The machine picks each number completely randomly, so you may get duplicate orderings or reversed orderings (you have no options for this case), but not both number being the same (such as 1 -> 1).

Define E(n,k) as the expected number of possible arrangements of n cards, following k random orderings produced by the machine.
For example, E(2,1) = 1, E(3,1) = 3, E(3,2) = 3/2 (this can be verified by brute force by hand).
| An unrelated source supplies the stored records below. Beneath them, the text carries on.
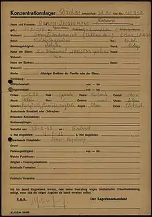 Formulaire d'enregistrement de Robert Rolin Jacquemyns en tant que prisonnier dans le camp de concentration nazi de Dachau
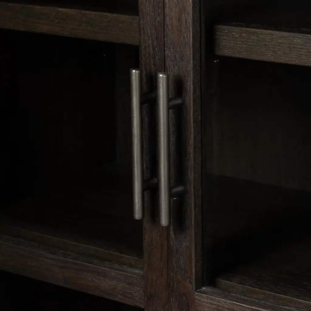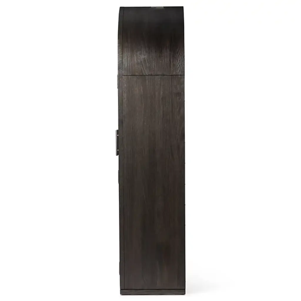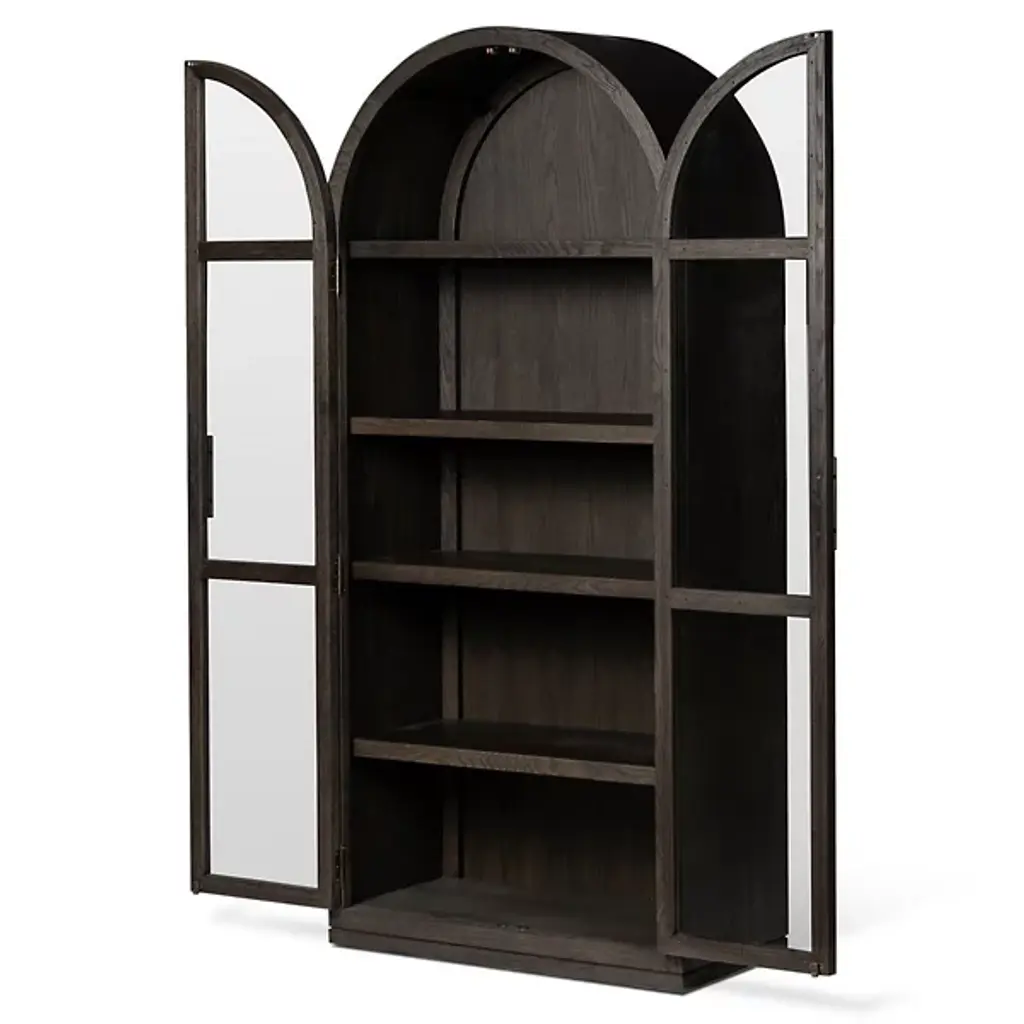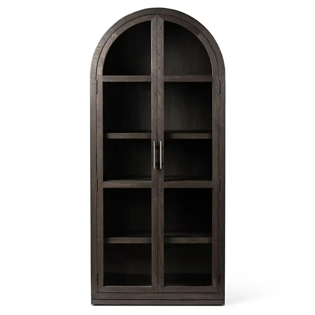 The Hepburn Cabinet from Four Hands makes a statement with its dramatic arched figure and tempered glass doors. The interior shelving provides ample space to display books, artifacts, and personal collections, letting each item tell its own story behind the clear glass panels. The flush plinth base grounds the piece while maintaining its architectural presence. This versatile oak cabinet serves as both a useful storage solution and a personalized display space, inviting onlookers to discover the treasures within while adding character to any room.
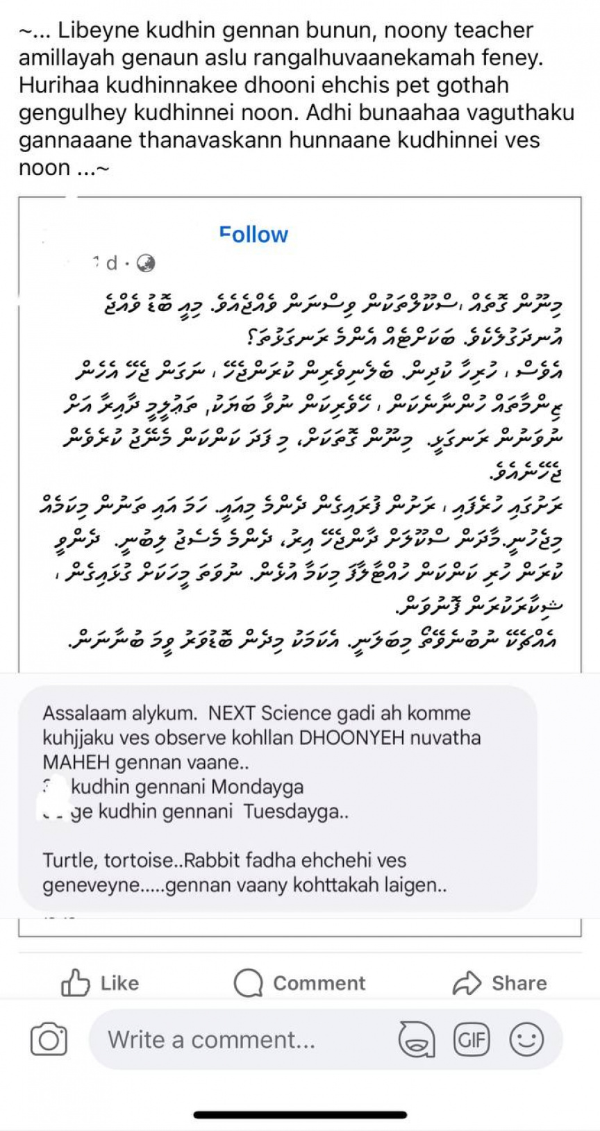 "ލިބޭ ކުދިން ގެންނަން ބުނުން، ނޫނީ ޓީޗަރު އަމިއްލައަށް ގެނައުން އަސްލު ރަނގަޅު ގޮތް ކަމަށް ފެނޭ. ހުރިހާ ކުދިންނަކީ ދޫނި އެއްޗެހި "ޕެޓް" ގޮތަށް ގެންގުޅޭ ކުދިންނެއް ނޫން. އަދި ބުނާހާ ވަގުތަކު ގަންނާނެ ތަނަވަސްކަން ހުންނާނެ ކުދިންނެއް ވެސް ނޫން،" މިކަމާ ގުޅިގެން ފޭސްބުކްގައި ހިޔާލު ފާޅުކުރި މީހަކު ބުނެފައި ވެއެވެ.
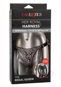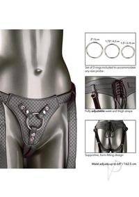 Prepare yourself for indulgent pleasure and premium probe play truly fit for royalty with The Regal Queen. The Her Royal Harness luxurious harness is made for a performance and comfort with a corset-like lace design, plush velvety lining and adjustable buckle enclosure. The bold crotchless design appeals to even the most dominant with the discreet snaps made to accommodate any size probe ring. The designer vegan leather, corset style details and plushy velvet liner give you the ultimate control over comfort.Dimensions:Waist Circumference: 64 in.Large Ring Diameter: 2 in.Medium Ring Diameter: 1.75 in.Small Ring Diameter: 1.5 in.Package: 2 x 5.75 x 11.25 in.

Give the values of E(5,3) and E(10,5).

Edit: I made a mistake counting the number of ones in my hand-drawn table. Oops.
Last edited by Bubbler on Fri Jan 23, 2015 10:09 am, edited 1 time in total. mpiotte
Posts: 1914
Joined: Tue May 08, 2012 4:40 pm

### Re: Partial orders and expectations

Bubbler wrote:...
Define E(n,k) as the expected number of possible arrangements of n cards, following k random orderings produced by the machine.
For example, E(2,1) = 1, E(3,1) = 3, E(3,2) = 4/3 (this can be verified by brute force by hand).
...
Let's see if I understand correctly.

Take the case E(3, 2). Assume the first random pair is (a, b), with c = 6 - a - b, the remaining number.
The second pair can be:
(a, b): 3 arrangements c - a - b, a - c- b, a - b - c.
(b, a): 0 arrangement
(a, c): 2 arrangements a - b - c, a - c - b
(c, a): 1 arrangement c - a - b
(b, c): 1 arrangement a - b - c
(c, b): 2 arrangements c - a - b, a - c - b
So E(3,2) = (3 + 0 + 2 + 1 + 1 + 2)/6 = 3/2.
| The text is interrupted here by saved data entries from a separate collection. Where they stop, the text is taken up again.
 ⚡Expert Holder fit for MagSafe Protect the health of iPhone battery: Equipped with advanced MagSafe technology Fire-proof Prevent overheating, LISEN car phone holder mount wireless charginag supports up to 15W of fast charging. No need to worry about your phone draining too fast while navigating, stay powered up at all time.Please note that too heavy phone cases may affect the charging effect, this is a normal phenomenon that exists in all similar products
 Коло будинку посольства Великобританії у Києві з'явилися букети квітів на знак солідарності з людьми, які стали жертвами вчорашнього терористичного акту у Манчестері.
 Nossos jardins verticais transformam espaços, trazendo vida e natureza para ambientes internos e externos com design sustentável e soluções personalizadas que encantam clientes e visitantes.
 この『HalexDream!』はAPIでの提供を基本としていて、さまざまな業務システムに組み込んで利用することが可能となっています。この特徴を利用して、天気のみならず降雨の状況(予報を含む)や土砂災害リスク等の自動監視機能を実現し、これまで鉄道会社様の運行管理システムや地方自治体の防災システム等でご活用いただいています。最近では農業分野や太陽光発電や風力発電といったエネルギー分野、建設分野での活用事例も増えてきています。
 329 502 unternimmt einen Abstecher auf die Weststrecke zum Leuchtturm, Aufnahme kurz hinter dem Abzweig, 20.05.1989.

I haven't worked all the details, but I suspect E(n, k) = n!/2k. Bubbler
Posts: 28
Joined: Sat Feb 23, 2013 6:12 am

### Re: Partial orders and expectations

Yes, the correct value of E(3,2) is 3/2, not 4/3. I edited the original post. Bubbler
Posts: 28
Joined: Sat Feb 23, 2013 6:12 am

### Re: Partial orders and expectations

mpiotte wrote:... but I suspect E(n, k) = n!/2k.
While coding a brute-force counting algorithm to check some more values, I think I found a proof to this:

The expected value E(n,k) is N = (the total number of the tuple (one of n! permutations and its k matching orderings)) divided by D = (the total number of k orderings).
Each ordering can be one of n(n-1) possible orderings, and each total ordering satisfies exactly n(n-1)/2 of them.
Therefore, N = n! * (n(n-1)/2)^k and D = (n(n-1))^k, so E(n,k) = N / D = n!/(2^k).